So, if I had a huge amount of patience and life-expectancy way longer than normal, I would definitely bet my money on the first human being delivered to a nearby exo-planet by a slow-boating dormant arkship rather than by a fast ship carrying "live" humans. That said, I sadly think that the most likely scenario is that we never get out of the solar system. While humans as individuals can show great persistence and dedication to a goal, current human society do not seem to be able to show consistent dedication to long term goals, even more so when such goals would be of insignificant importance to the average voting citizen. Only chance I see, is that one day we realize we have most of the needed technology anyway and that we with a minor effort on the scale of, say, 10-20 years and correspondingly small funding, could launch (and forget) such a mission. That, or some multi-billionaire nut-case who one day decides he wants to send himself or his heir along with a staff of thousands to a nice exo-planet and build a new galactic empire there.

 

[Nabeshin]

Interesting paper. It sure detracts from the possibility of traveling to the Andromeda galaxy in a lifetime that is otherwise offered by the relativistic rocket equation using mass annihilation.

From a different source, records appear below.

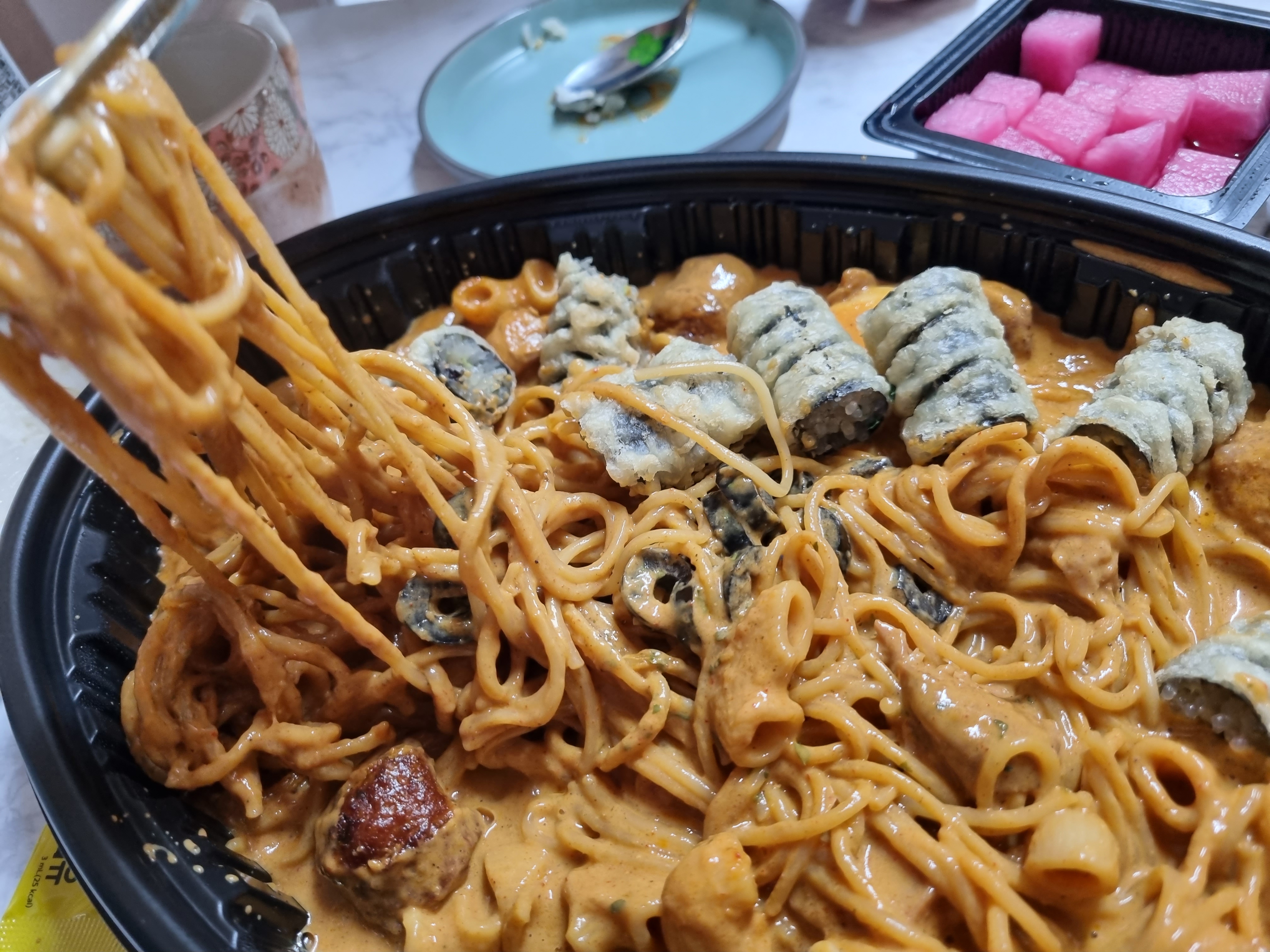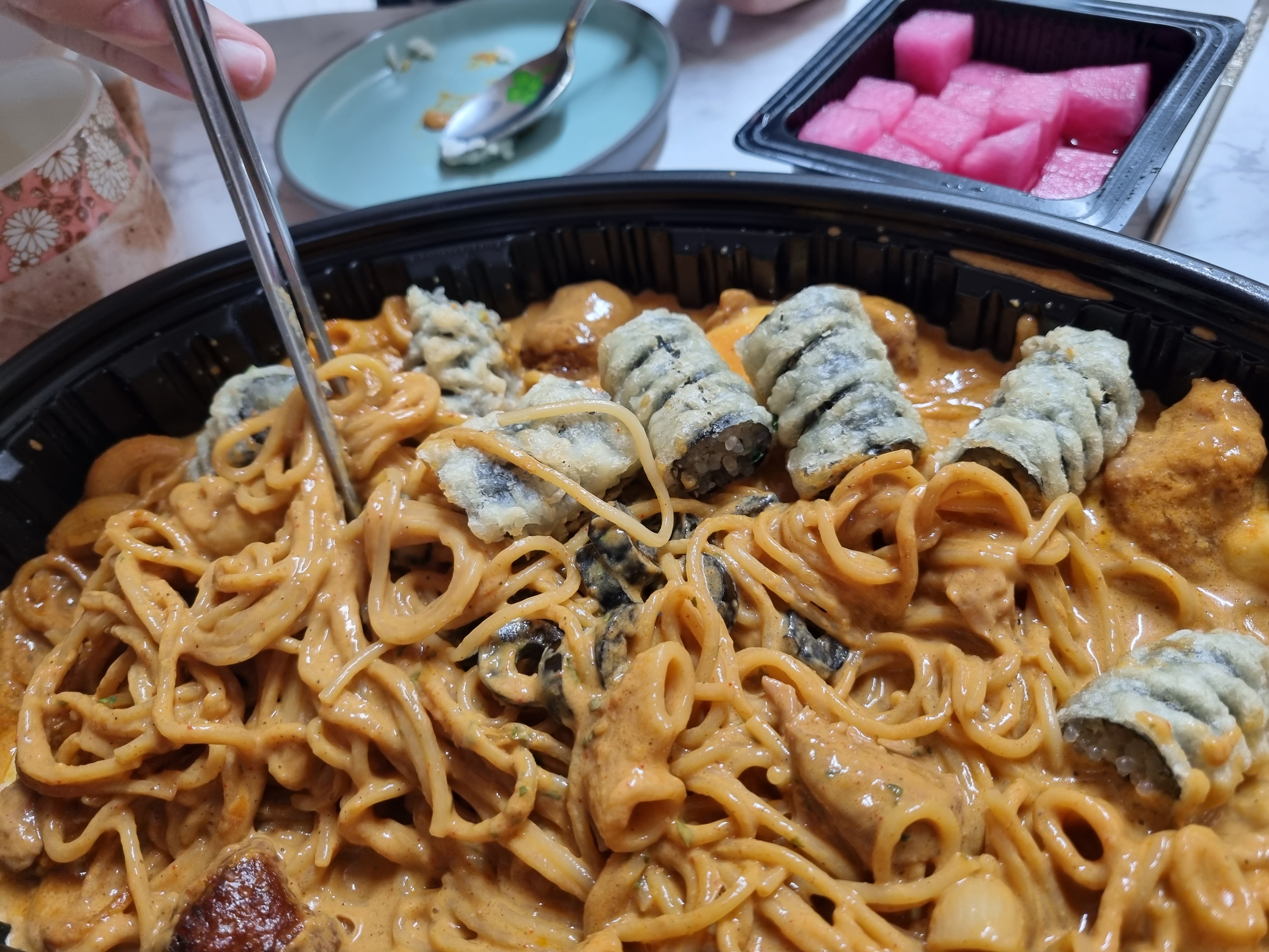 롱긴말이는 그냥 먹어도 맛있는데 매콤한 로제소스와 먹기 위해 찜닭에 잘게 썰어서 넣었습니다. 분식집에서 튀김을 떡볶이에 섞어먹는 것과 동일합니다.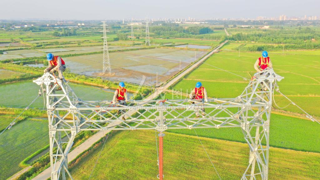 2022年7月4日,安徽省滁州市全椒县邱塘村境内,电力工人冒高温在60多米高空对架设220千伏八波输电线路。 连日来,安徽送变电工程有限公司和滁州供电公司120余名施工人员冒着高温天气,加紧对220千伏八波输电线路架线作业,确保今年9月底前建成投运,保障全椒县供电区域内居民生活和企业生产用电需求。据悉,滁州市220千伏全椒八波输变电项目为安徽省2022年重点工程。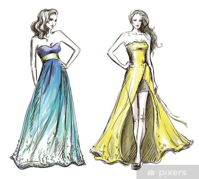 700x631 fashion illustration long dress catwalk wall mural pixers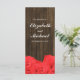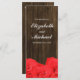 A country themed wedding program featuring red roses on a rustic dark brown barn wood background. Easily customise for your event.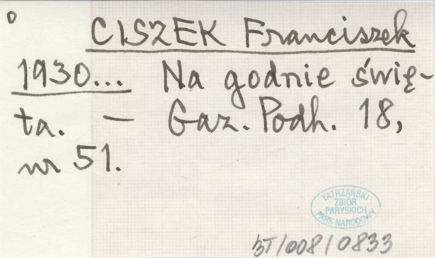 Projekt Digitalizacja fiszek z Bibliografią Tatr i Podtatrza Witolda Henryka Paryskiego jest finansowany ze środków Ministra Kultury i Dziedzictwa Narodowego oraz Tatrzańskiego Parku Narodowego.

Have you considered including solar sail and similar energy transfer setups in your analysis? There are several proposed designs in the literature, but I don't recall any analysis of the heating from ISM on those.

No, I didn't consider these explicitly. My point was to give a somewhat propulsion-independent lower limit on the power requirements of a relativistic journey. I don't think a solar sail falls into any of the acceleration categories I considered -- acceleration would probably be significantly less than .01g (of course, we could make the sails arbitrarily large, but I get the feeling the answer would be analogous as to the size of the ISM scoops I derived in the paper). So in this case, it's not relativistic space flight, and you need to turn your attention to sustaining the population for such a long period of time.
I also have a few comments, not specifically to your paper, but more related to the overall concept of human interstellar travel. Bottom line: you want to go fast, you need a TON of power. Nothing can deliver this more efficiently than matter-antimatter, and even this is not so good.

As an engineer I have long had the belief, that any humans presence outside low Earth orbit will be pioneered well in advance by automatic probes. No one in their right mind would travel to a solar or extra-solar planet without having it probed out first, even if this means waiting 30, 50 or even 100 years for the results. Add to this the complexity of engineering manned spaceflights systems compared to autonomous unmanned probes, which I can imagine only gets even worse for interstellar travel, and you are almost certain that probes will go in first.

Certainly, as is all the cases for human exploration nowadays.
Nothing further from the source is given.